§ Given material
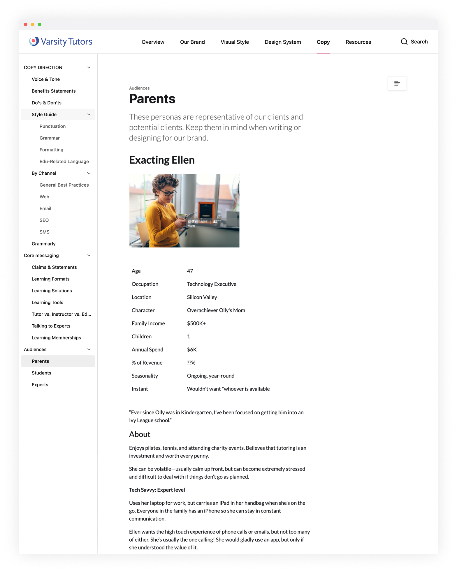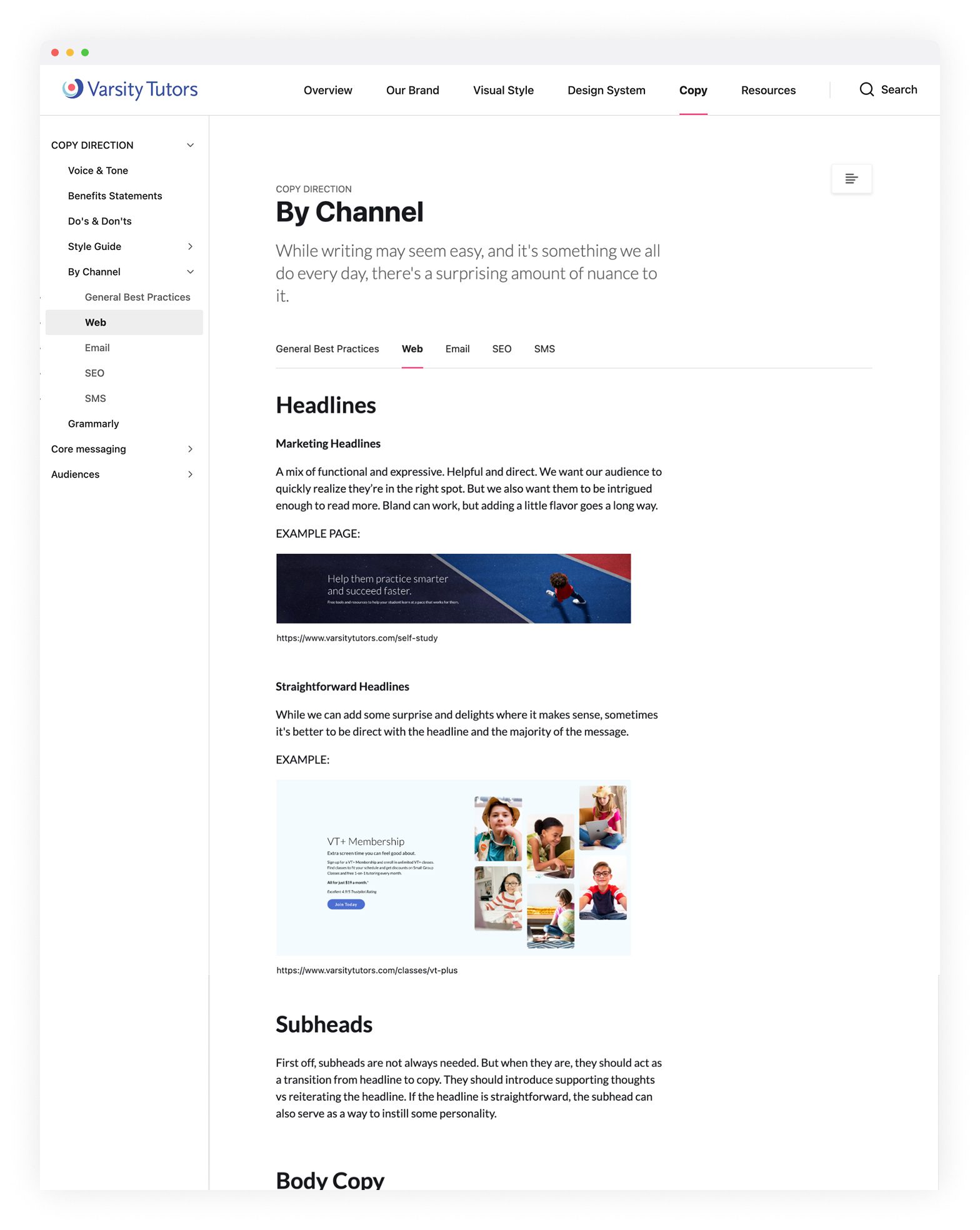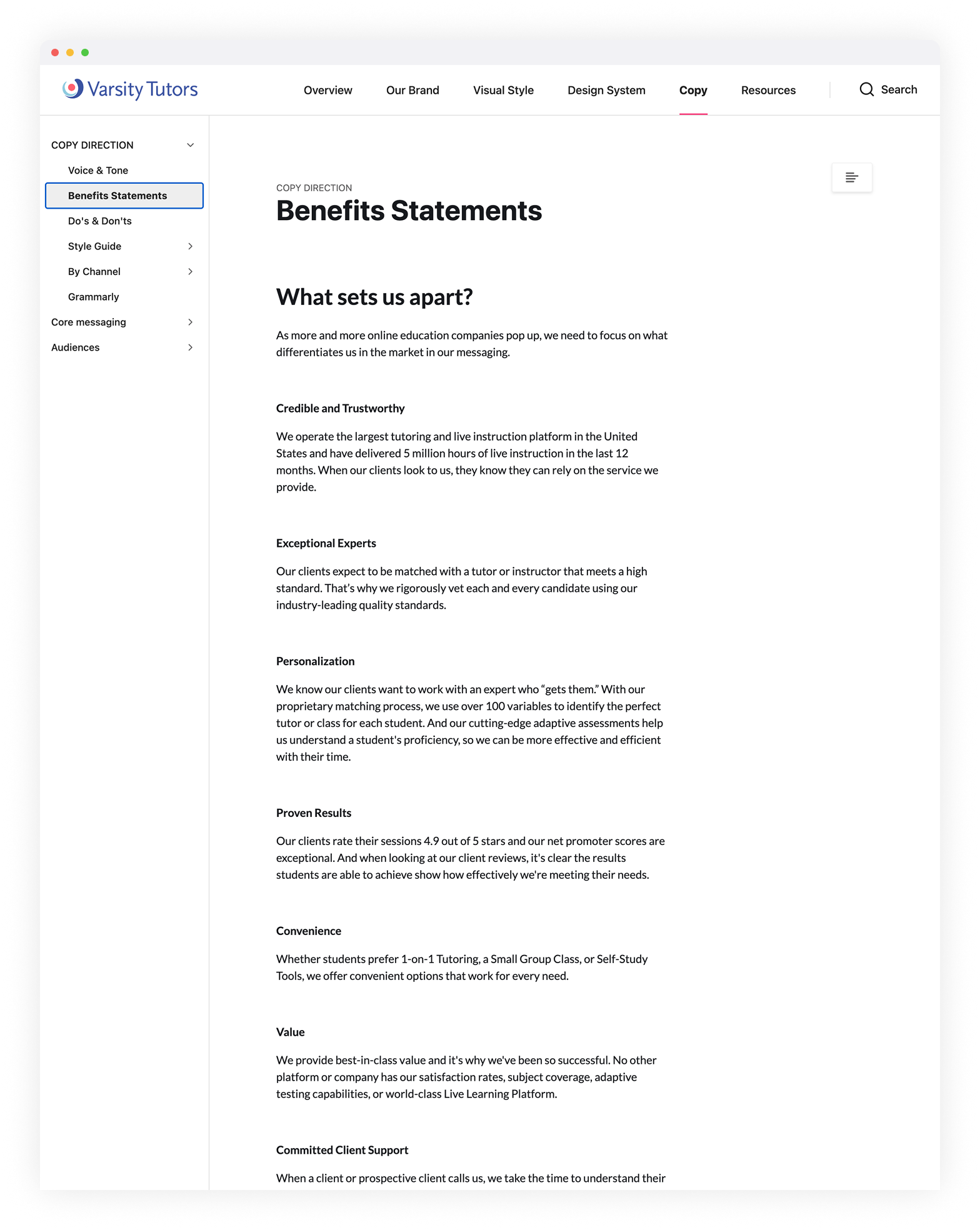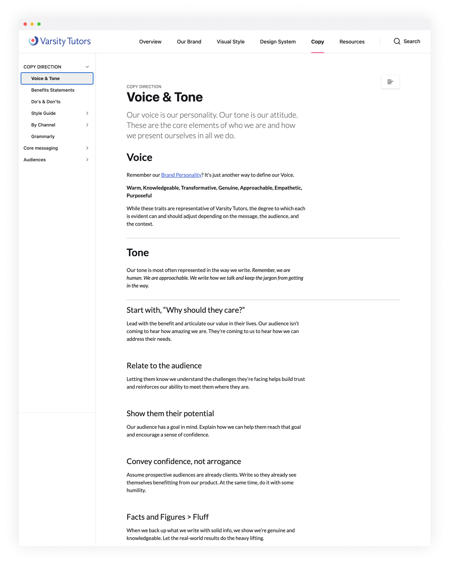 We built out comprehensive guidelines (full site) and conducted training so internal teams and agency partners could craft copy that aligned with the brand.
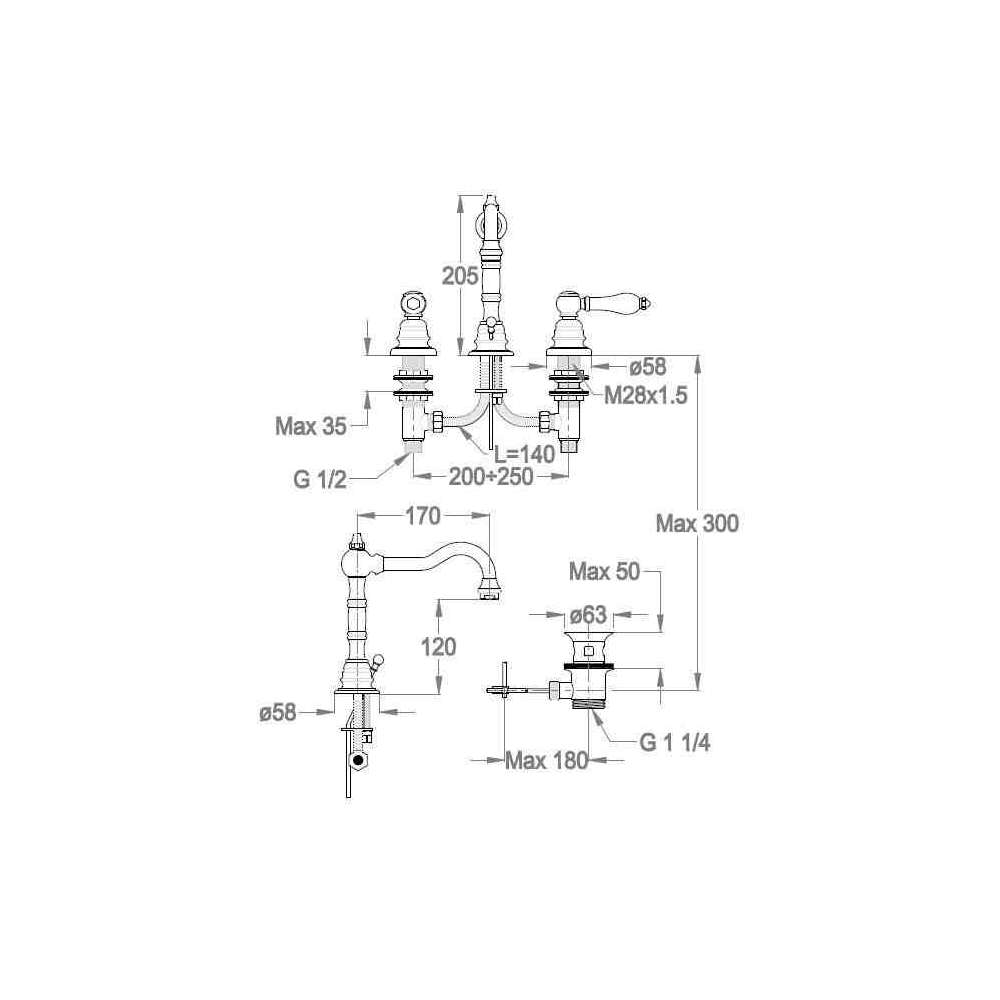 Bateria umywalkowa nablatowa 3-otworowa Fir Italia MELROSE 21 - 2112215_2
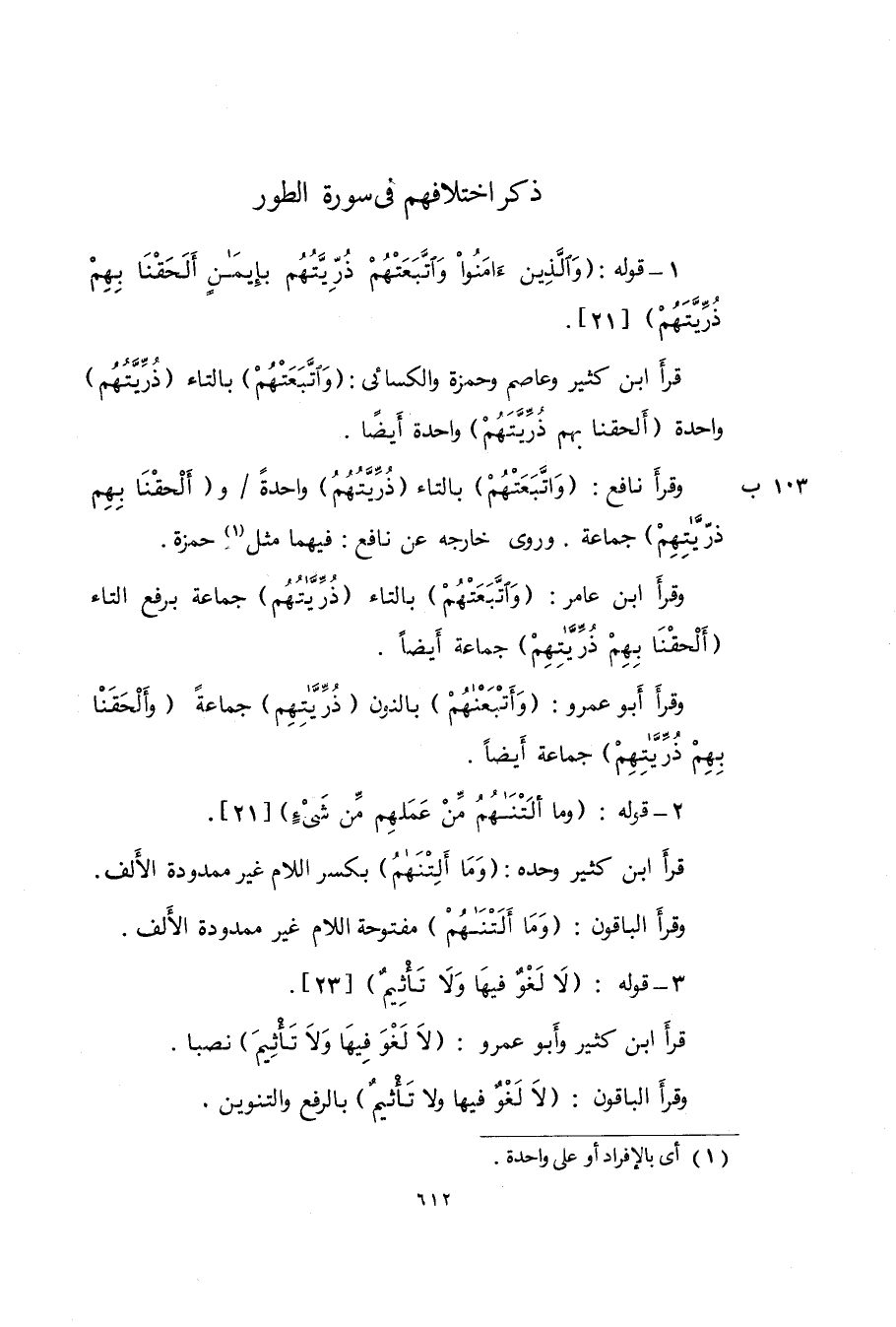 وَقَرَأَ نَافِع {وَاتَّبَعتهمْ} بِالتَّاءِ {ذُرِّيتهمْ} وَاحِدَة و {ألحقنا بهم ذُرِّيتهمْ} جمَاعَة

§ Task requirements
Leaving the pictures aside, copy exactly and only the lines from the one holding "Bateria umywalkowa nablatowa" through the final line of the data, both ends kept.

§ Written answer
 Bateria umywalkowa nablatowa 3-otworowa Fir Italia MELROSE 21 - 2112215_2
 وَقَرَأَ نَافِع {وَاتَّبَعتهمْ} بِالتَّاءِ {ذُرِّيتهمْ} وَاحِدَة و {ألحقنا بهم ذُرِّيتهمْ} جمَاعَة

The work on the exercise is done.